Mixed for grains, lower for oilseeds.
- CBOT wheat up 4.5c to 558.25c,
- Kansas wheat up 7.25c to 563.75c,
- Corn down 7.25c to 365c,
- Soybeans down 17c to 886.75c,
- Winnipeg canola down C$5.00 to $495.80,
- Matif canola up €2.25 to €379.50,
- Dow Jones down 81.36 to 25333.82,
- Crude oil down US$0.92 to $67.84 per barrel,
- AUD down to 0.739c,
- CAD down to 1.299c, (AUDCAD 0.961),
- EUR down to 1.165c (AUDEUR 0.634).
Wheat defied weakness in beans and corn to post a strong close, breaking through technical resistance and testing the May highs. Matif futures were up €5 to €208.25. Implied volatility in September Soft Red Winter wheat finished at 34.87 per cent. Further production cuts in Europe saw Matif futures reach new highs not seen since 2014. The German Ag group lowered its wheat estimate to 18 million tonnes (Mt) from 24Mt last year. The Algerian tender did not trade, with offers at $273 per tonne with buying ideas $3-5/t below. It is difficult to see this not trading at the offer given the constant increase in flat price in the Black Sea. USDA’s World Agricultural Supply and Demand Estimates report due out next has a very large rationing task to perform in light of the monthly production losses of around 15Mt that the globe has endured. It is very hard not to be bullish from here, with the global consumer largely uncovered, and the global exporters stocks-to-use ratio nearing historic lows. The only problem is that everyone but the consumer is on the same side. The Egyptian Government’s GASC results tomorrow will be a good indication of recent price movement.

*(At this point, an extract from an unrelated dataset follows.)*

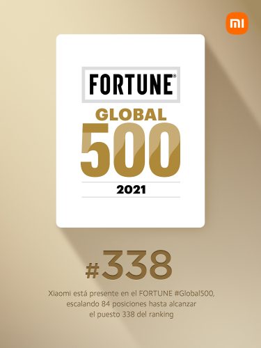 Xiaomi ha sido incluida en la lista Fortune Global 500 por tercer año consecutivo, ascendiendo a la posición 338 (lo que representa un avance de 84 puestos respecto a 2020). Esta clasificación sitúa a Xiaomi como la empresa con mayor crecimiento en la categoría de Internet y Retail de la lista Fortune Global 500 en 2021.

Corn was caught up in bean weakness, and an improved US weather forecast that saw it return all of yesterday’s gains to close through the 50-day moving average. Yield estimates are decreasing, with the average guess now working on a 175-178 bushels per acre figure. There is no doubt that the global balance sheet in corn is tight, but it cannot get the same buying support as wheat until production is known. On top of this, there is theoretical pressure for some demand destruction from Mexico if it decides to pursue Argentinian supplies, given Mexico’s currently tense trade relationship with the US.
Soybeans gave up most of their previous day’s gains thanks to more Trump trade chatter. The US Government is now talking of raising Chinese tariffs from 10 per cent to 25pc, which comes as a shock, given the positive dialogue from the day prior as China looked to dial down the tone of trade discussions in an effort to reach mutual ground. Soymeal was down $4.70/t and soy oil dropped 27 points.
Canola was mixed, with Winnipeg a follower of the US vegoil complex as the trade trash-talk continues. Matif futures couldn’t fall if they wanted to, given ongoing production issues across most of its major production regions. New highs were reached, and should be sustained, which will bode well for Australian pricing.
Aussie markets were stronger yesterday in quiet trade, with most of the industry busy networking and learning at the annual grain conference in Melbourne. New-crop wheat reached a new high of $387/t, up $3 as the eastern states forecast continues to disappoint. The media has latched on to the Australian drought story this week, making it a front-of-mind issue for the general public. It’s hard not to get caught up in the hype, and there is potential for an overreaction, given the ambiguity in current crop estimates. Yes, we are below 20Mt, but the market is trading something well below that at less than 17Mt, and the longer it stays dry, the more realistic this becomes, with $400/t is not out of the question.